Hormonal Regulation of Liver Metabolism - Summary/Abstract
Non-alcoholic fatty liver disease (NAFLD) represents a spectrum of excess fat accumulation in the liver
(steatosis) without or with inflammation/fibrosis (non-alcoholic steatohepatitis - NASH). NAFLD is commonly
observed in obesity and type 2 diabetes, but is also observed in non-obese patients associated with
cardiovascular disease. To date, there are no proven medical therapies to reverse NAFLD. In order to develop
effective treatments, it is critical to understand the basic mechanisms controlling hepatic fat accumulation and
associated liver damage. Since both clinical and experimental studies demonstrate hepatic growth hormone
(GH)-signaling is reduced in NAFLD and increasing GH can reduce NAFLD both in humans and mice, our recent
work has focused on determining how GH mediates these effects. We have used unique mouse models with
adult-onset loss of the hepatocyte GH receptor (GHR) and demonstrated GH signaling controls steatosis by
suppressing de novo lipogenesis (DNL), an action of GH not previously appreciated. Additional preliminary data,
coupled with published reports, led us to formulate the HYPOTHESIS: GH directly controls hepatocyte DNL via
GHR/Stat5b-mediated regulation of glycolysis, to protect the liver from injury. The following Specific Aims (SA)

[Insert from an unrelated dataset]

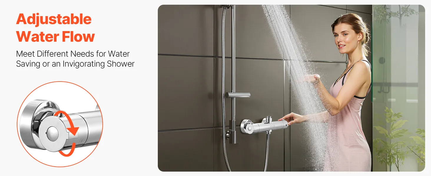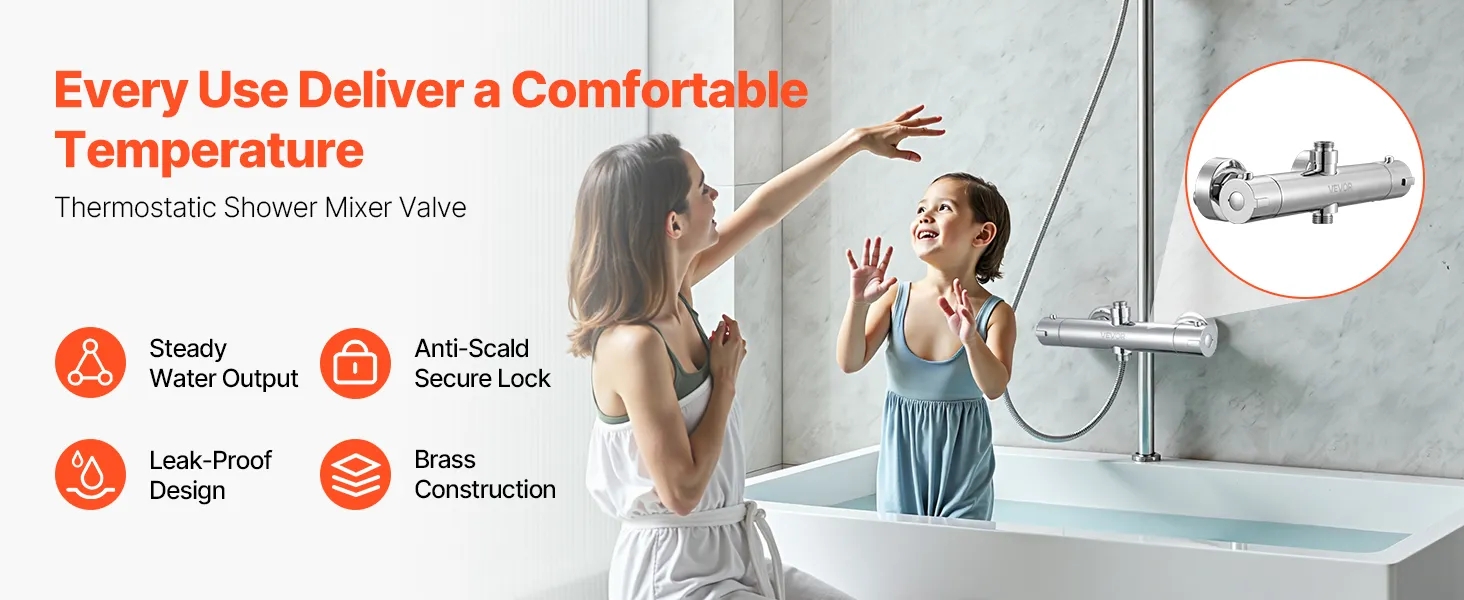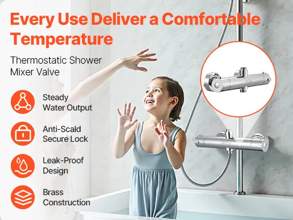This VEVOR thermostatic mixing valve combines dual knob control for precise water temperature and flow adjustments. From mild rinses to strong showers, enjoy steady, reliable water output that suits everyone in your home. Make every shower effortless and enjoyable.

will test this hypothesis. SA1 - Determine if the GHR signals through Stat5 to directly suppress hepatic
DNL and prevent NAFLD progression. Expt SA1A, will determine if enhancing Stat5b activity can suppress
DNL and prevent NAFLD by expressing a constitutively active form of Stat5b (Stat5bCA) in mice lacking the
hepatocyte GHR. Since Stat5b enhances hepatic IGF1 expression and raises circulating IGF1 levels, Stat5bCA
will be expressed in mice with combined knockdown of hepatocyte GHR and IGF1, to determine what actions of
Stat5b are IGF1-independent. Expt SA1B, will establish if GHR-mediated Stat5b activation is required to control
DNL, by expressing a mutant GHR in the hepatocyte of adult mice lacking the endogenous GHR, where this
mutant receptor cannot activate Stat5b, but can active other JAK2-dependent and independent pathways. In a
subset of mice, hepatocyte IGF1 expression will be reconstituted, to prevent secondary changes due to IGF1
loss. SA2 – Determine if loss of hepatocyte GHR/Stat5b signaling acts independent of canonical insulin
signaling to augment glycolysis-driven DNL. Expt SA2A, will determine if hepatocyte GHR loss and
restoration of Stat5b activity regulates glycolytic flux and DNL when insulin and carbohydrate input to the liver is
controlled, by assessing [1-13C] glucose enrichment of glycolytic, TCA intermediates and newly formed fatty
acids, under hyperinsulinemic-hyperglycemic clamp conditions, in mice lacking the hepatocyte GHR, without or
with Stat5bCA. Expt SA2B, will establish if the glycolysis-mediated transcription factor, Chrebp, is required to
enhance DNL, steatosis and liver injury after hepatocyte GHR loss, by generating mice with adult-onset,
hepatocyte knockdown of both Chrebpα and GHR. Completion of these studies will enhance our basic
understanding of the mechanisms by which GH directly controls hepatocyte carbohydrate/lipid metabolism and
protects the liver against injury, with the ultimate goal of unveiling novel “druggable” targets to treat NAFLD.